— А почему, не узнали?

— Нет, — сказал Джим, — толком никто ничего не знал, кроме мистера Дольфуса. Говорят, она узнала про ту его негритянку, он думал и негритянку себе оставить и жениться. Вот с тех пор он всегда и пьяный. А с этими детишками он добрый…

— Джим, — спросила я, — а что это — мулат?

— Наполовину белый, наполовину цветной. Да ты их видела, Глазастик. Знаешь разносчика из аптеки, такой рыжий, курчавый? Вот он наполовину белый. Они все несчастные.

— А почему?

— Так ведь они ни рыба ни мясо.

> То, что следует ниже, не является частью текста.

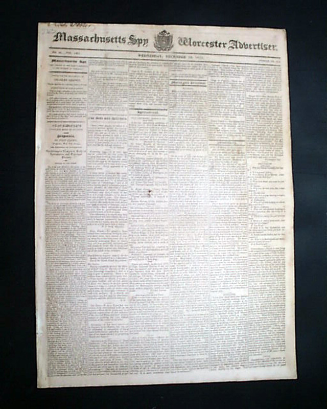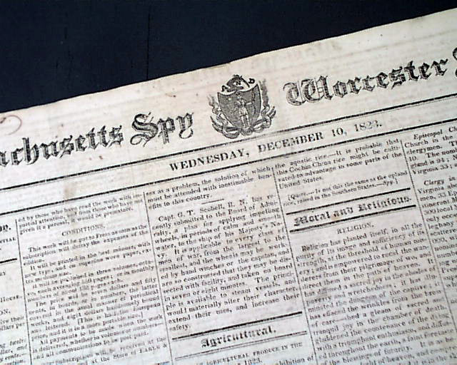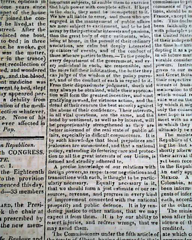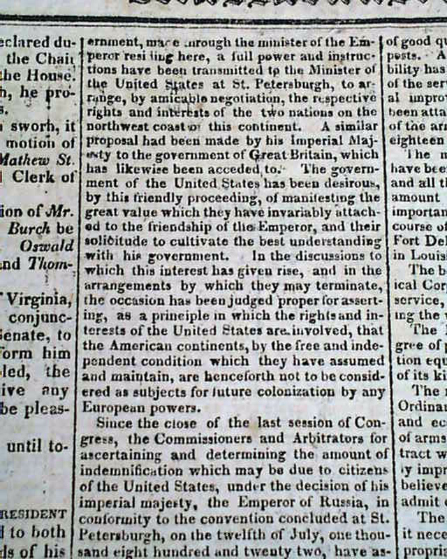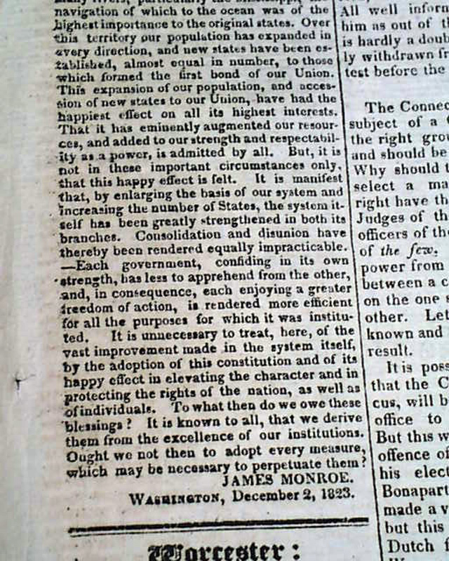MASSACHUSETTS SPY & WORCESTER ADVERTISER, Dec.  10, 1823  Pages 2 and 3 contain the "MESSAGE" being James Monroe's annual address to Congress.

Цветные их своими не считают, потому что они наполовину белые, а белые их тоже не признают, потому что они цветные, вот они и выходят неприкаянные, ни в тех, ни в сих. А мистер Дольфус, говорят, двух своих ребят отправил на север. На севере люди не против цветных. Смотрите, вот один такой.

В нашу сторону шла негритянка, за её руку цеплялся маленький мальчик. Мне показалось — настоящий негритёнок, совсем шоколадный, ноздри широкие, и зубы сверкают. Он каждую минуту начинал весело прыгать, а негритянка его дёргала за руку, чтоб перестал.

Джим подождал, пока они прошли мимо.

— Этот мальчонок тоже из его мулатов, — сказал он.

— А почём ты знаешь? — спросил Дилл. — По-моему, он просто чёрный.

— Ну, иногда по виду и не скажешь, надо знать, кто он такой. Но только этот наполовину Реймонд, верно говорю.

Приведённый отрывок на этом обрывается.